The new index “will provide the common citizen one colour, one number and one description so that he can understand what is the level of air pollution”, said Prakash Javadekar, India’s environment minister.
The index is modelled on the colour-coded system used in cities across the world, such as Beijing, notorious for its filthy air. A red alert, for example, will signify a high level of pollutant on a particular day.
But Delhi gives even Beijing a run for its money. In May, the World Health Organisation (WHO) found that Delhi had the most polluted air in the world, with an average concentration of fine particulate matter of 153 micrograms per cubic metre, compared with Beijing’s average of only 56 micrograms. Other Indian cities were placed well over the 100 microgram per cubic metre mark.
At the time, Indian officials said WHO’s rankings were misleading or inaccurate, acknowledging only that Delhi matched Beijing in pollution levels.
Anumita Roychowdhury, head of the air pollution team at the Centre for Science and Environment (CSE), a non-profit based in Delhi, said the WHO used the government data that was available.
“But that doesn’t necessarily mean that they reflected the most recent conditions,” she said. “For one city, they used data from 2010, for another, from 2011, and so on. That was a problem.”
India passed an Air Act in 1981, aimed at controlling air pollution. There are now monitoring stations in nearly 300 towns and cities.
But the majority of these rely upon manual monitoring systems; only stations in the 16 biggest cities now provide automatic, real-time pollution data.
Although Delhi’s monitoring stations provide enough data to indicate how bad the quality of its air is, there is still a need to improve the accuracy of measurement. “Quality control and quality assurance are still big challenges,” Ms Roychowdhury said.
India’s air pollution standards also far lower than international norms. The pollution control board’s “permissible limit” for particulate matter less than 2.5 microns is four times the limit of the WHO.
Similarly, the board’s “permissible limit” for particulate matter less than 10 microns in size is three times as high as the WHO.
A former board official told The National that the broader definitions of "permissible limits" in India contributed to a lack of pollution control.
“If India needs to be more stringent about its quality of air, it needs to adhere to stricter standards,” he said.
Pollution control boards at the state level also refrain from reporting the most accurate data possible, even if it is within their capacity to do so.

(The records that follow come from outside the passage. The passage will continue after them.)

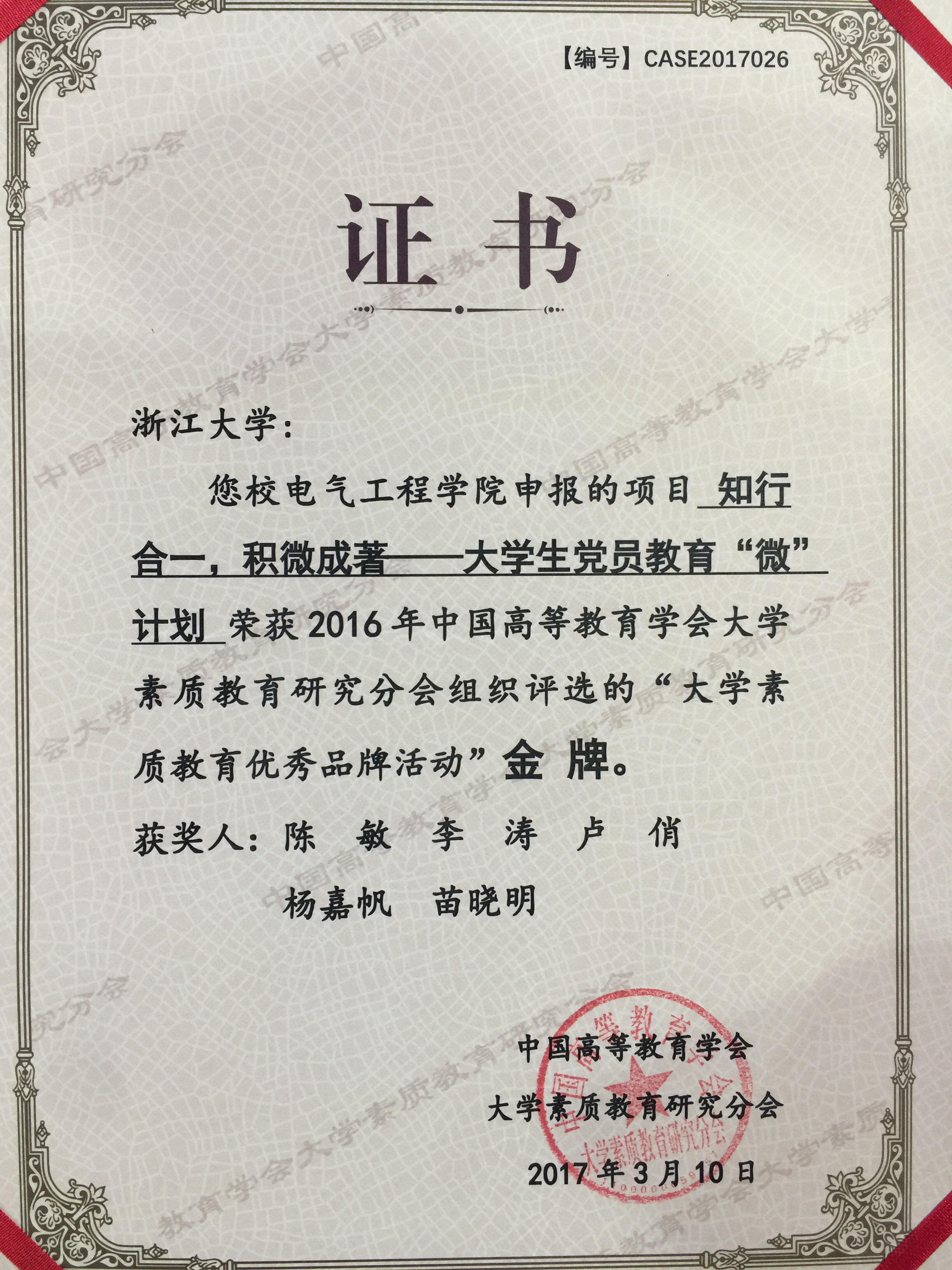 3月10日,中国高等教育学会大学素质教育研究会分会2017年会暨第六届大学素质教育高层论坛在南京农业大学举行。会上对2016年“大学素质教育优秀品牌活动”获奖项目进行了表彰,mg4355线路检查官网申报的“知行合一,积微成著——大学生党员教育微计划”荣获金牌,这是中国高等教育学会对我院素质教育工作的肯定和鼓励。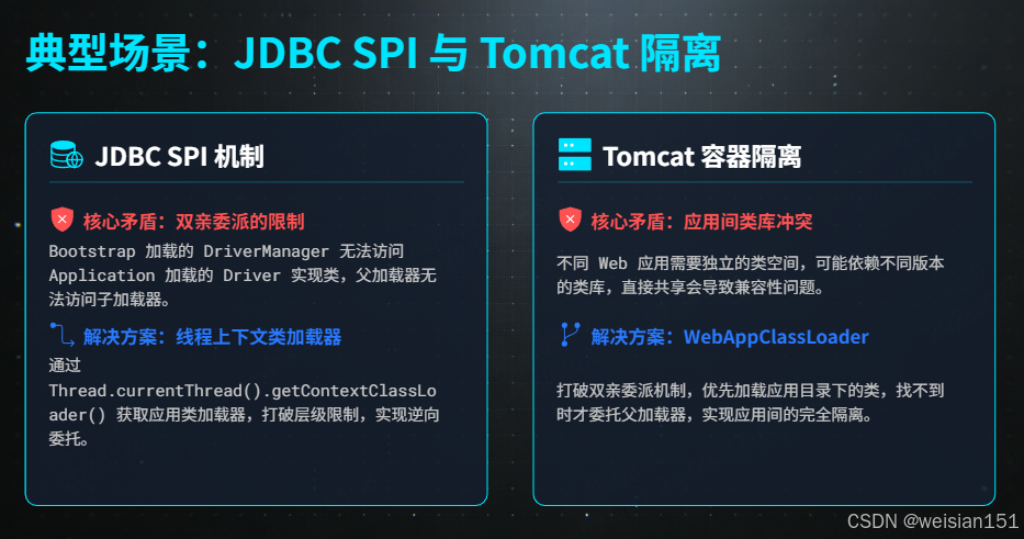 | 核心规律 | 遵循双亲委派:为了「安全 + 避免重复加载」(比如核心类不被篡改);打破双亲委派:为了「灵活 + 定制化」(比如热部署、容器隔离、SPI 加载) |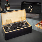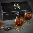 Personalized Elegance: Each set includes a black gift box and two cognac glasses, all engraved with your selected design, reflecting a customized touch of class.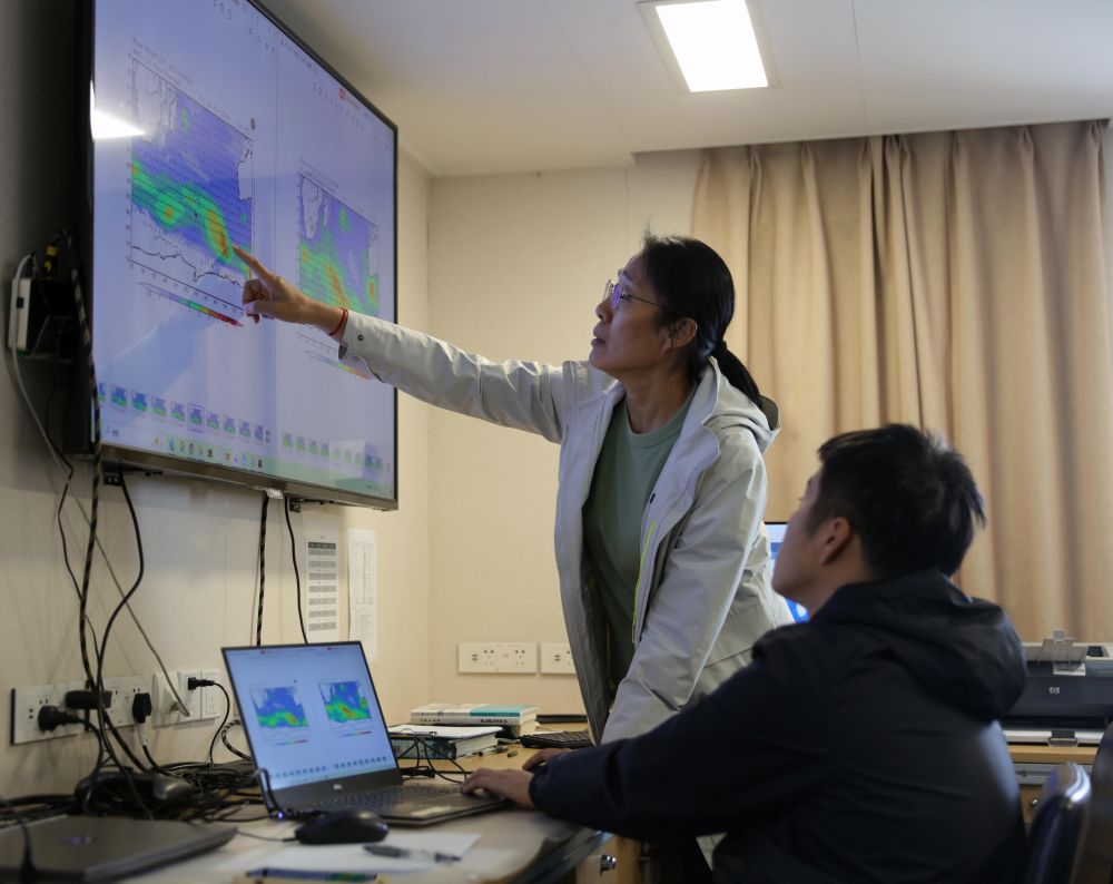 要在“气旋快车”间“闪转腾挪”,得先知道它们大概怎么开,开多快。气象预报资料起到的就是这个作用。好几次深夜,随船气象员、来自国家海洋环境预报中心的徐晓武和刘素芳还守在驾驶室。
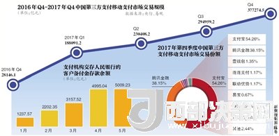 在移動(dòng)支付市場(chǎng)上,支付寶和擁有財(cái)付通、微信支付的騰訊金融雙寡頭局勢(shì)顯現(xiàn)。今年4月,易觀2017年第四季度中國(guó)第三方支付移動(dòng)支付市場(chǎng)數(shù)據(jù)顯示,第三方移動(dòng)支付市場(chǎng)交易規(guī)模為37.7萬億元,環(huán)比增長(zhǎng)27.91%。其間支付寶和騰訊金融兩巨頭的份額分別為54.26%和38.15%,合計(jì)92.41%。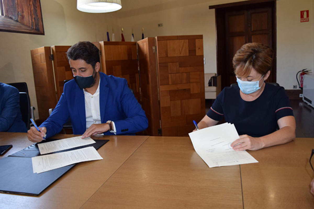 El alcalde del Ayuntamiento de La Laguna, Luis Yeray Gutiérrez, y la rectora de la Universidad de La Laguna, Rosa Aguilar, en calidad como presidenta de la Fundación General de la ULL (FGULL), han firmado este viernes el convenio de colaboración para desplegar el proyecto pionero de participación ciudadana llamado ‘Comunidad’. Se trata del último paso del proceso que da vía libre al desarrollo de este programa, con el que el Consistorio, a través de la Concejalía de Participación Ciudadana, busca movilizar a la ciudadanía para que ayude a responder de forma colectiva la crisis social y económica que ha provocado el covid-19.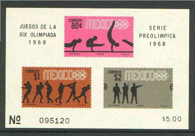 Mexico 1968 Olympic Games (4th Issue - Postage) imperf m/sheet showing Gymnastics, Boxing & Pistol shooting unmounted mint, SG MS 1164b
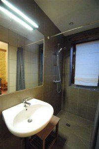 une chambre avec deux lits jumeaux en 90 avec salle de bain,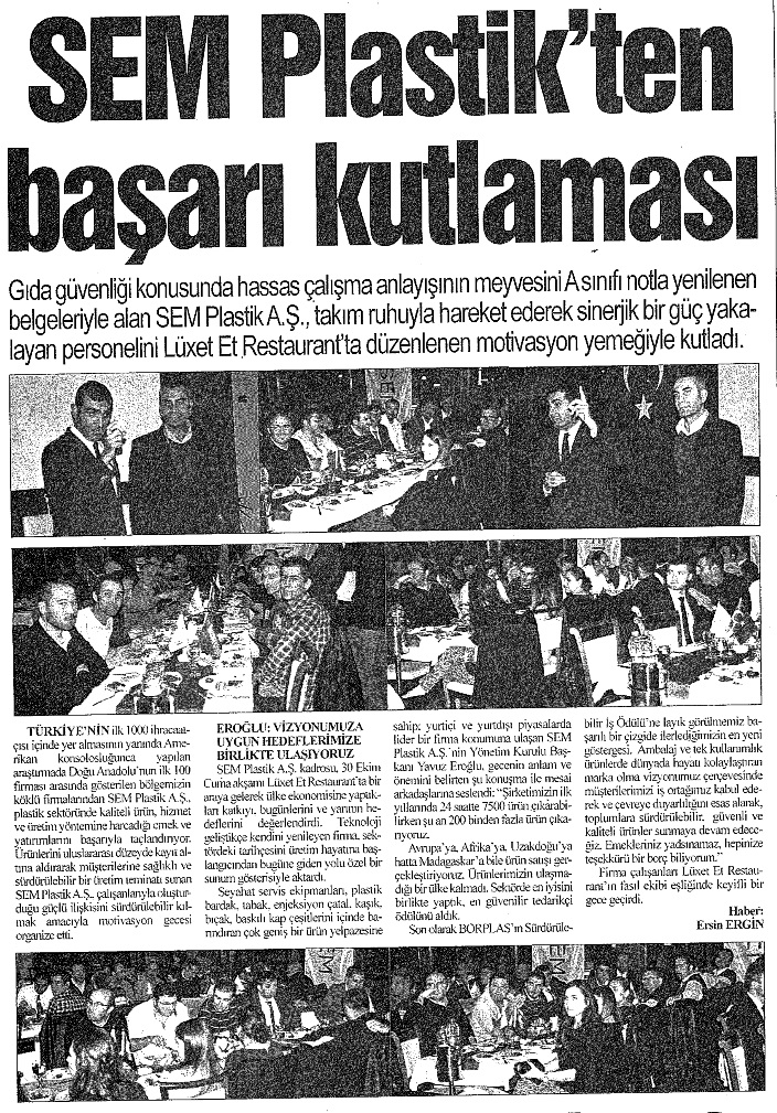 Seyahat servis ekipmanları, plastik bardak, tabak, enjeksiyon çatal, kaşık, bıçak, baskılı kap çeşitlerini içinde barındıran çok geniş bir ürün yelpazesine sahip; yurtiçi ve yurtdışı piyasalarda lider bir firma konumuna ulaşan SEM Plastik A.Ş.’nin Yönetim Kurulu Başkanı Yavuz Eroğlu, gecenin anlam ve önemini belirten şu konuşma ile mesai arkadaşlarına seslendi: "Şirketimizin ilk yıllarında 24 saatte 7500 ürün çıkarabilirken şu an 200 binden fazla ürün çıkarıyoruz.

An investigation by the Economic Times newspaper, published last week, found that state pollution control boards put out date averages over 24 hours, rather than time-lapse data where the peaks and troughs will show how bad the air quality can get.
In India’s biggest cities, including Delhi, some monitoring stations are in relatively pristine pockets, which lowers average pollution numbers.
Deploying more automatic monitoring stations, rather than relying on manual data collection, could solve some of these problems, Ms Roychowdhury said.
“The only way this new air quality index will truly work is if India quickly expands its real-time automatic collection of air data.”